Developer's Challenge Ideas

Below are the ideas submitted for the OR2013 Developer's Challenge. These are open for any team to pick up and develop. Extra consideration will be given during judging for entries that build on these ideas:

PDF/Eh?
For the most part PDF files are reasonably straightforward to preserve for the long term. But there are pitfalls. Certain characteristics can cause longevity issues. For example unusual but critical fonts, that haven't been embedded in the file in question. So how do we know if our PDFs contain preservation risky features?

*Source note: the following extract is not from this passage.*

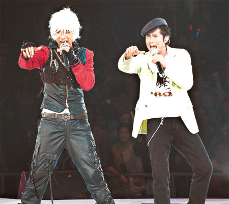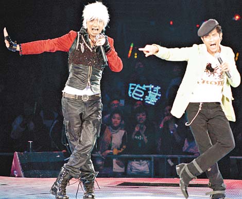中新网3月11日电 据《东方日报》报道,古巨基演唱会前晚邀请了郭富城做嘉宾,两人在台上斗跳劲舞,掀起全场高潮,基仔还笑言在城城身上“采阳补阴”,学成一身舞技,城城搞笑回应:“怪不得我现在变的这么瘦了”令全场大笑。

PDF/Eh? is a prototype of a PDF risk identifier, that exploits the functionality of the Apache Preflight tool. Preflight can validate any PDF against the PDF/A standard and reports any areas that are not compliant, as well as a range of other possible PDF errors. PDF/Eh? simplifies the output for the ordinary user by providing a configurable XML output that focuses on just the issues that are likely to be of concern for long term preservation. More details and links to source code can be found here:
http://openplanetsfoundation.org/blogs/2013-03-15-pdf-eh-another-hackath...

This technology has the potential to root out possible preservation problems in collections of PDF files, but how should it be realised in a repository environment? Could it be incorporated into the ingest workflow to allow bad PDFs to be spotted and rejected (or replaced) before they are ingested? Should it be provided as a back end tool to allow repository managers to scan their entire PDF collection and assess it for preservation risks?

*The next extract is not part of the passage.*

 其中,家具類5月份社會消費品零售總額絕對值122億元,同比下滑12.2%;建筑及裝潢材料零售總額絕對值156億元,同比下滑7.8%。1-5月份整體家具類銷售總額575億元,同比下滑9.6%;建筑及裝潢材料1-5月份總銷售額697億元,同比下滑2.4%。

The SPRUCE Project is making available a prize of £1000 (UK pounds) for the best application of PDF/Eh? in a repository environment. The prize will be awarded to the entry that makes the most practical use of PDF/Eh? for repository managers to utilise at their own organisations.

PDF/Eh? was developed at a hackathon in Yorkshire, UK, and seems perfectly named to be taken forward at a hackfest in Canada!
Leveraging Fedora 4
The general idea is to extend and/or leverage Fedora4 to accomplish novel repository outcomes. The list of ideas includes:
1. Create a sequencer that does <x>
  1. characterization (e.g. DROID)
  2. derivative generation (e.g. thumbnail creation)
  3. normalization (e.g. PDF generation from various sources)
  4. OCR
  5. automated metadata enhancement (e.g. going out to wikipedia)
  6. metadata crosswalks
2. Use the cluster-aware low-level storage service to do some map-reduce operations on repository content
  1. text mining
  2. word-count
  3. format migration (e.g. jpeg to png)
3. fcrepo-admin hydra head adapted for fcrepo4
4. resurrecting legacy-api
5. workflow demo using workspaces
6. repository reporting statistics, audit, and visualization
7. new jax-rs resources
8. support authn w/ random provider (e.g. google, facebook)
Integrate ORCID IDs
I would love to see integration of ORCID iDs into a repository in the spirit of the RFP from ORCID: https://orcid.org/content/rfp-2013-06-orcid-id-adoption-and-integration-....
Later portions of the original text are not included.